▶ WHAT TO DO:
Please retype every entry as written, and keep the pictures out.

▶ DATA LISTING:
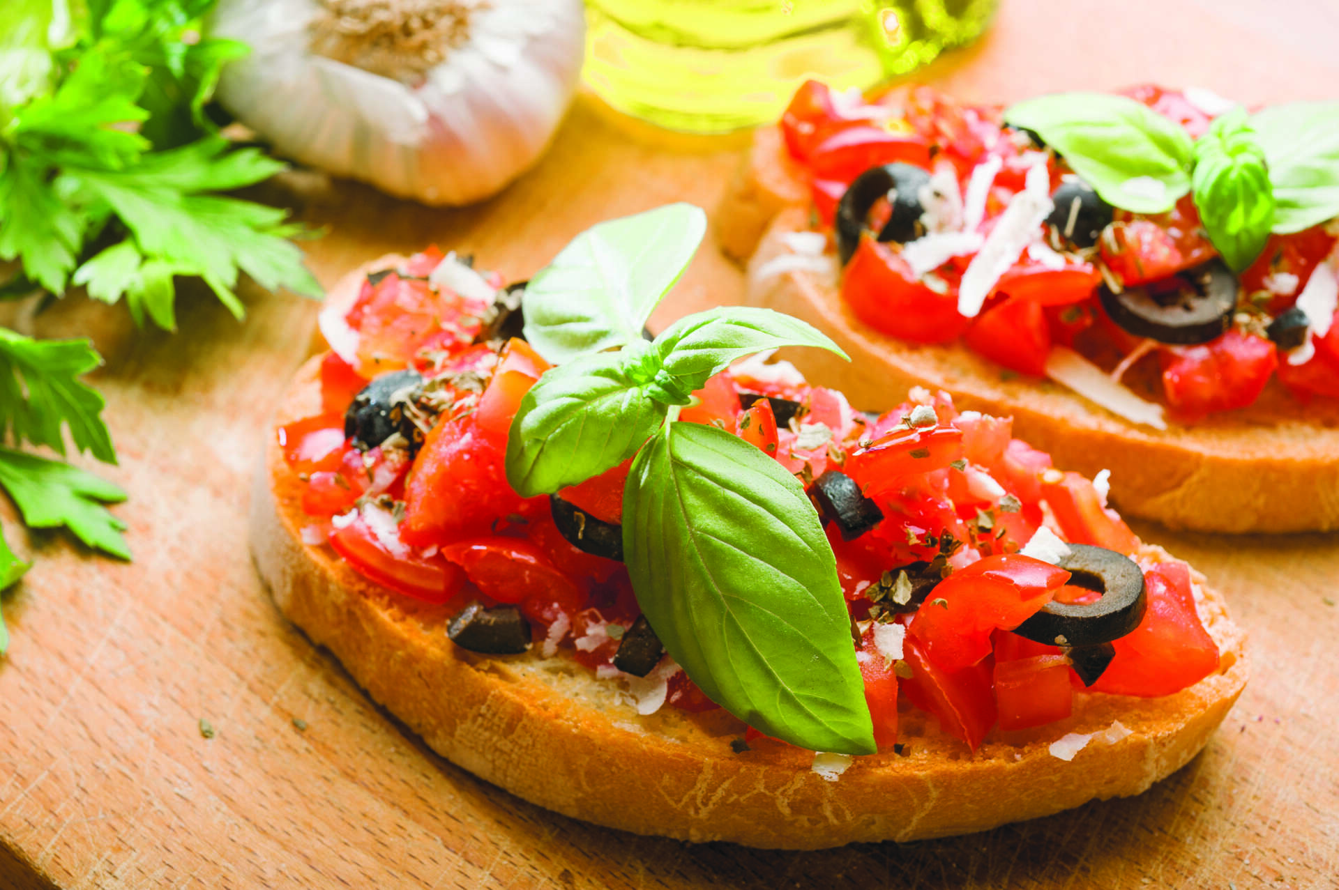 Bruschetta with plum tomatoes, olives and goat’s curd
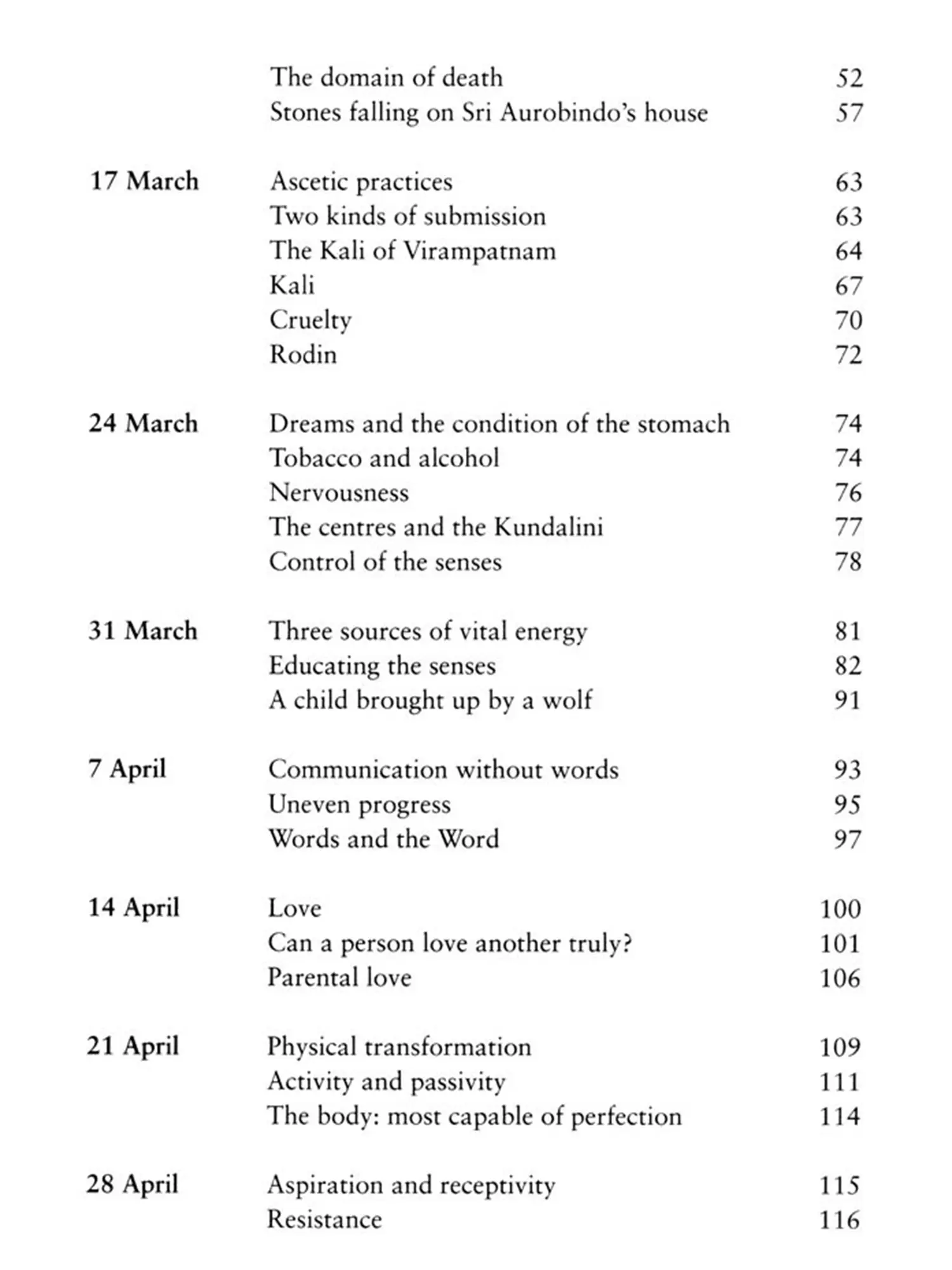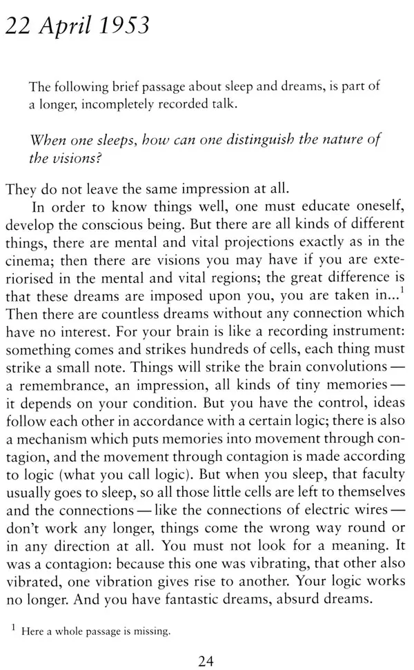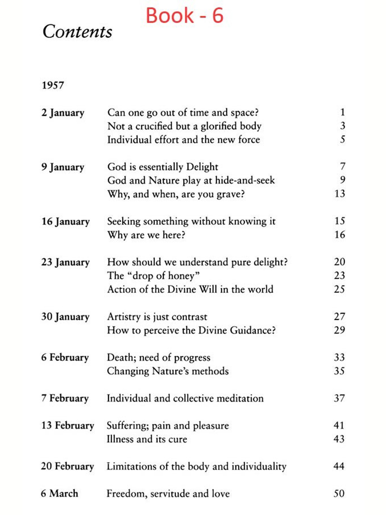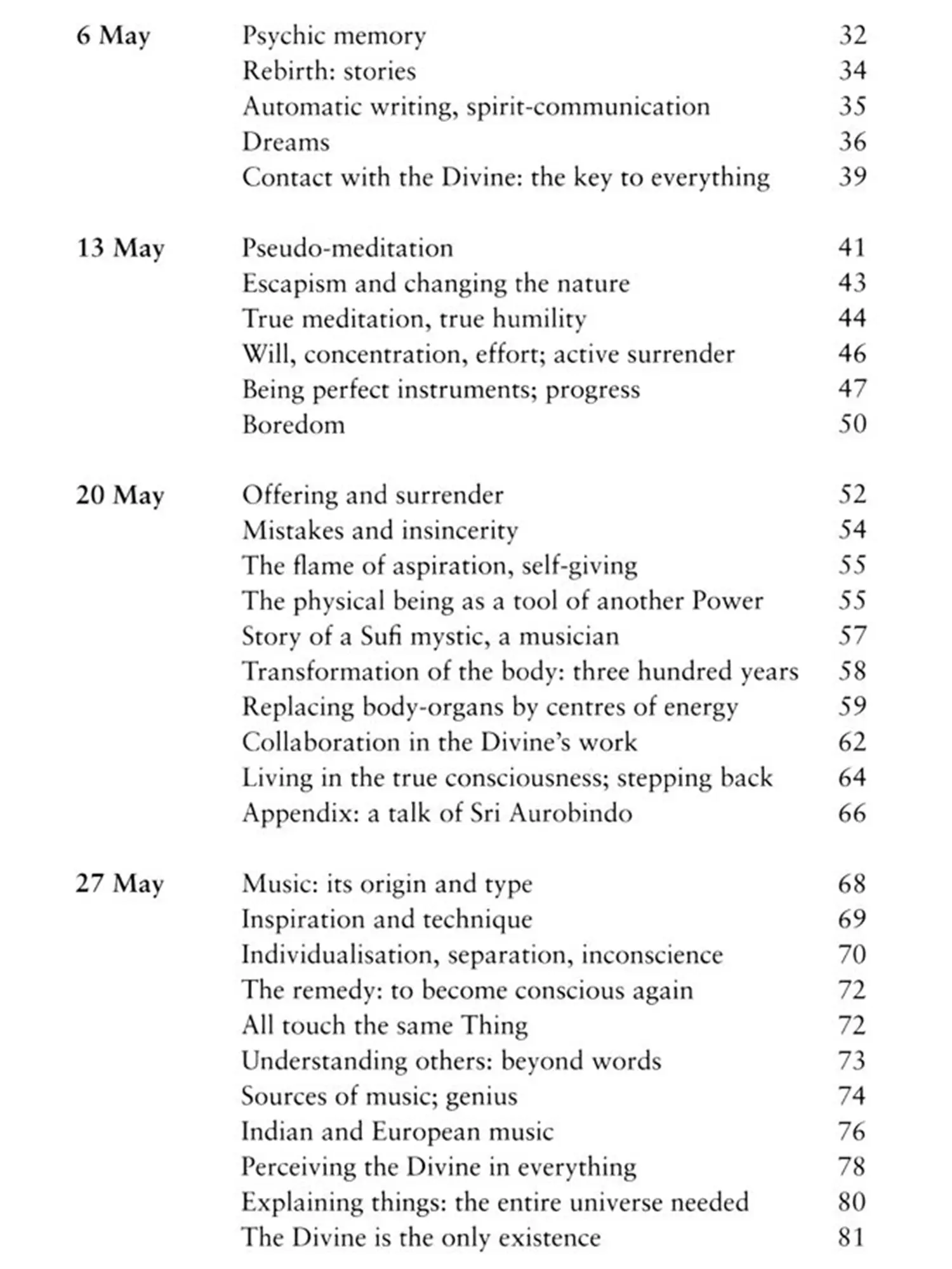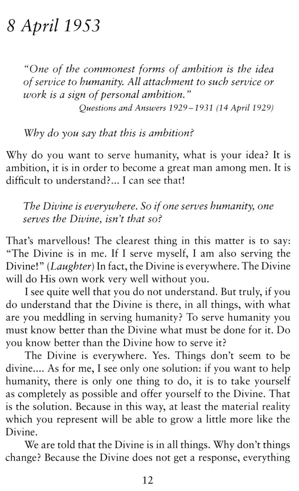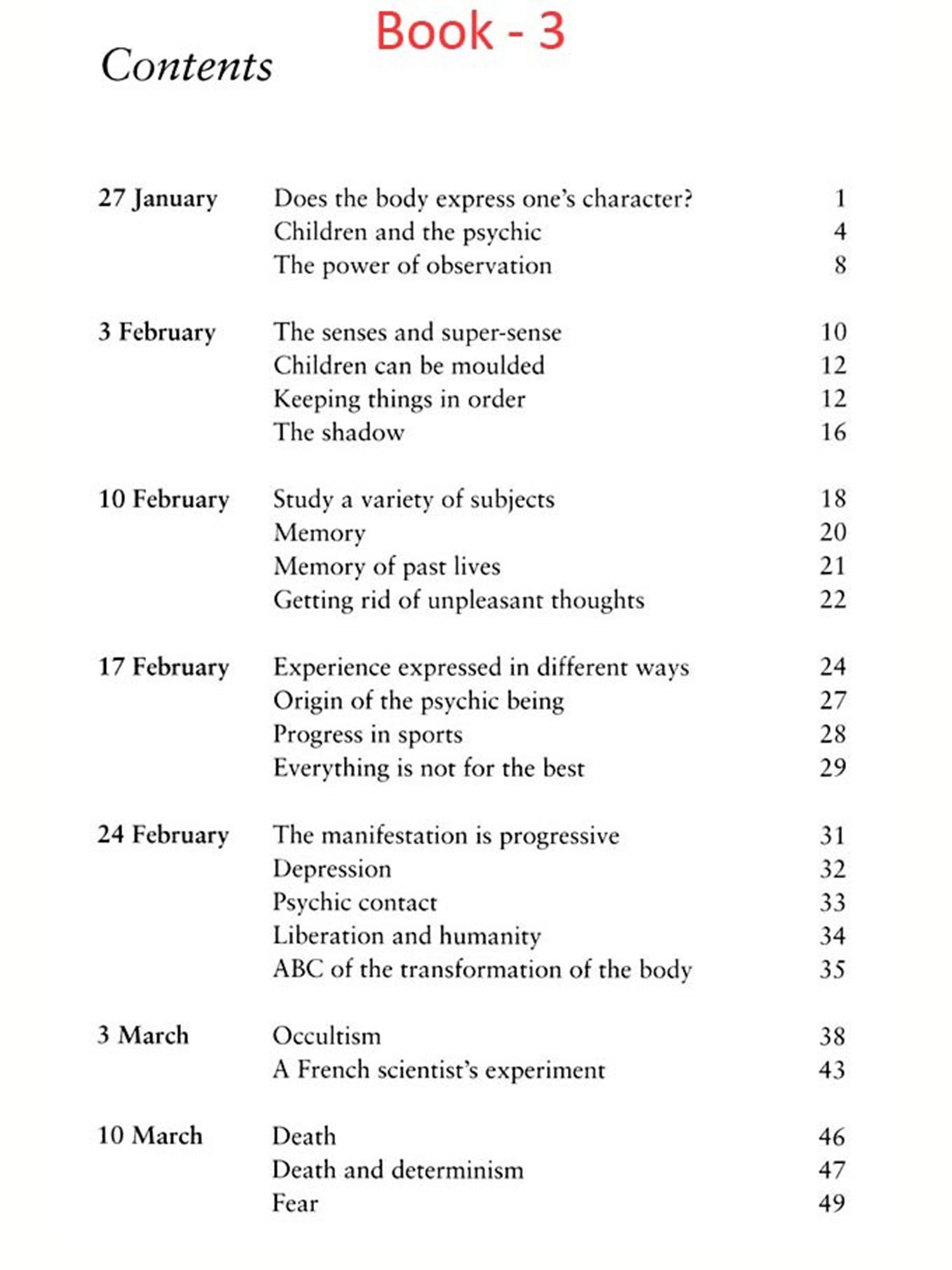 Questions and Answers 1950-1951 contains conversations of the Mother with members of the Sri Aurobindo Ashram and students of the Ashram's school. For most of this period the Mother answered questions about some of her essays on education and her conversations of 1929, which deal with various aspects of spiritual life. Towards the end she discussed some letters of Sri Aurobindo and his book The Mother.
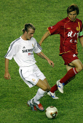 第16分钟,杨晨右路带球策动反击,菲戈在身后使绊将杨晨放倒。第18分钟,周挺右肋传过顶球,埃尔格拉禁区内头球解围。第20分钟,卡洛斯中路强行突破被申思绊倒,他将任意球机会让给了贝克汉姆,贝克汉姆在门前25米处主罚任意球,球越过人墙但角度比较正,孙刚向左鱼跃将球击出。
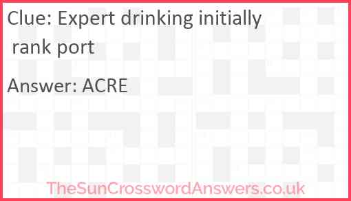 Expert drinking initially rank port is a crossword clue for which we have 1 possible answer and we have spotted 1 times in our database. This crossword clue was last seen on 04 August 2024 in The Sun Cryptic Crossword puzzle!
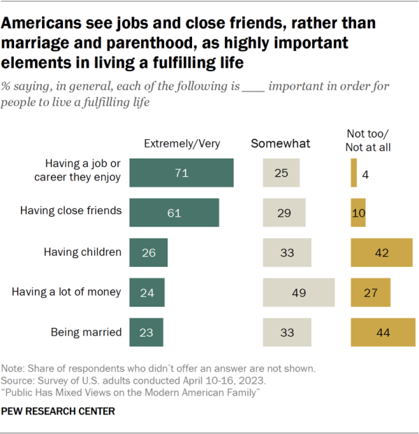 A study by Pew Research found that a whopping 71% of Americans think that having a job or career they enjoy is extremely or very important in order for people to live a fulfilling life. 61% of those said that having close friends is extremely important. Whereas only 24% said that having a lot of money is the most important.
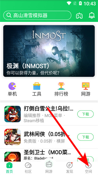 1、在葫蘆俠首頁,點(diǎn)擊右下角空間選項(xiàng),進(jìn)入個(gè)人空間頁面。
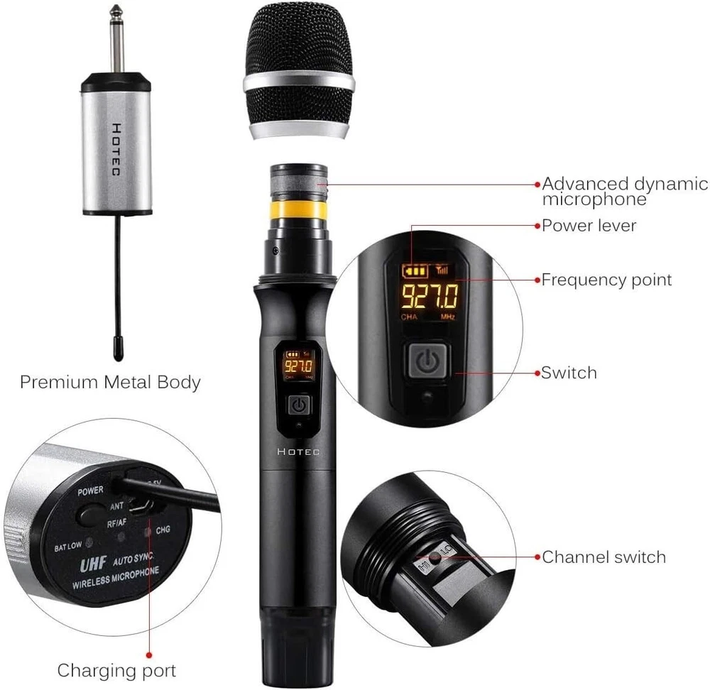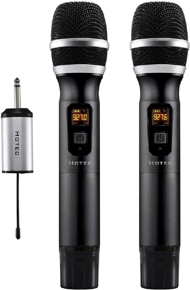 HOTEC Wireless Microphone, Metal Dual UHF Dynamic Handheld Microphone System for Karaoke, Singing, Speech (H-U26) FULL COMPATIBILITY: Connect the receiver to the 1/4” mic input of your sound device for voice amplifying. If your sound system is 3.5mm mic input, use the enclosed 3.5mm to 6.35mm adapter. Volume will be adjusted from the audio device end. SUPPORT RECORDING ON SMARTPHONES: This wireless microphone system comes with a 3.5mm adapter and the headphone splitter, you can connect this system with your iPhone or Android smartphones, tablet, laptops for recording on Facebook or Youtube. STAGE SOUND QUALITY: High quality sound transmission, clear voice and without feedback, free from distortion. This handheld wireless microphone is designed for vocal use in live performance, sound reinforcement, and studio recording. EASY SET UP: Plug and play. Battery-powered microphones (by 2 x AA battery) and wireless mini receiver (by rechargeable lithium battery) offers great freedom of movement on stage or in the room. You can have several sets working together. MULTI-USE APPLICATIONS: Perfect choice for karaoke party, DJ, wedding host, church, business meetings, classroom activities, outdoor or onstage performances or recording using iPhone/Android smartphones, tablets, laptops from Facebook, Youtube.

▶ EXERCISE SOLUTION:
 Bruschetta with plum tomatoes, olives and goat’s curd
 Questions and Answers 1950-1951 contains conversations of the Mother with members of the Sri Aurobindo Ashram and students of the Ashram's school. For most of this period the Mother answered questions about some of her essays on education and her conversations of 1929, which deal with various aspects of spiritual life. Towards the end she discussed some letters of Sri Aurobindo and his book The Mother.
 第16分钟,杨晨右路带球策动反击,菲戈在身后使绊将杨晨放倒。第18分钟,周挺右肋传过顶球,埃尔格拉禁区内头球解围。第20分钟,卡洛斯中路强行突破被申思绊倒,他将任意球机会让给了贝克汉姆,贝克汉姆在门前25米处主罚任意球,球越过人墙但角度比较正,孙刚向左鱼跃将球击出。
 Expert drinking initially rank port is a crossword clue for which we have 1 possible answer and we have spotted 1 times in our database. This crossword clue was last seen on 04 August 2024 in The Sun Cryptic Crossword puzzle!
 A study by Pew Research found that a whopping 71% of Americans think that having a job or career they enjoy is extremely or very important in order for people to live a fulfilling life. 61% of those said that having close friends is extremely important. Whereas only 24% said that having a lot of money is the most important.
 1、在葫蘆俠首頁,點(diǎn)擊右下角空間選項(xiàng),進(jìn)入個(gè)人空間頁面。
 HOTEC Wireless Microphone, Metal Dual UHF Dynamic Handheld Microphone System for Karaoke, Singing, Speech (H-U26) FULL COMPATIBILITY: Connect the receiver to the 1/4” mic input of your sound device for voice amplifying. If your sound system is 3.5mm mic input, use the enclosed 3.5mm to 6.35mm adapter. Volume will be adjusted from the audio device end. SUPPORT RECORDING ON SMARTPHONES: This wireless microphone system comes with a 3.5mm adapter and the headphone splitter, you can connect this system with your iPhone or Android smartphones, tablet, laptops for recording on Facebook or Youtube. STAGE SOUND QUALITY: High quality sound transmission, clear voice and without feedback, free from distortion. This handheld wireless microphone is designed for vocal use in live performance, sound reinforcement, and studio recording. EASY SET UP: Plug and play. Battery-powered microphones (by 2 x AA battery) and wireless mini receiver (by rechargeable lithium battery) offers great freedom of movement on stage or in the room. You can have several sets working together. MULTI-USE APPLICATIONS: Perfect choice for karaoke party, DJ, wedding host, church, business meetings, classroom activities, outdoor or onstage performances or recording using iPhone/Android smartphones, tablets, laptops from Facebook, Youtube.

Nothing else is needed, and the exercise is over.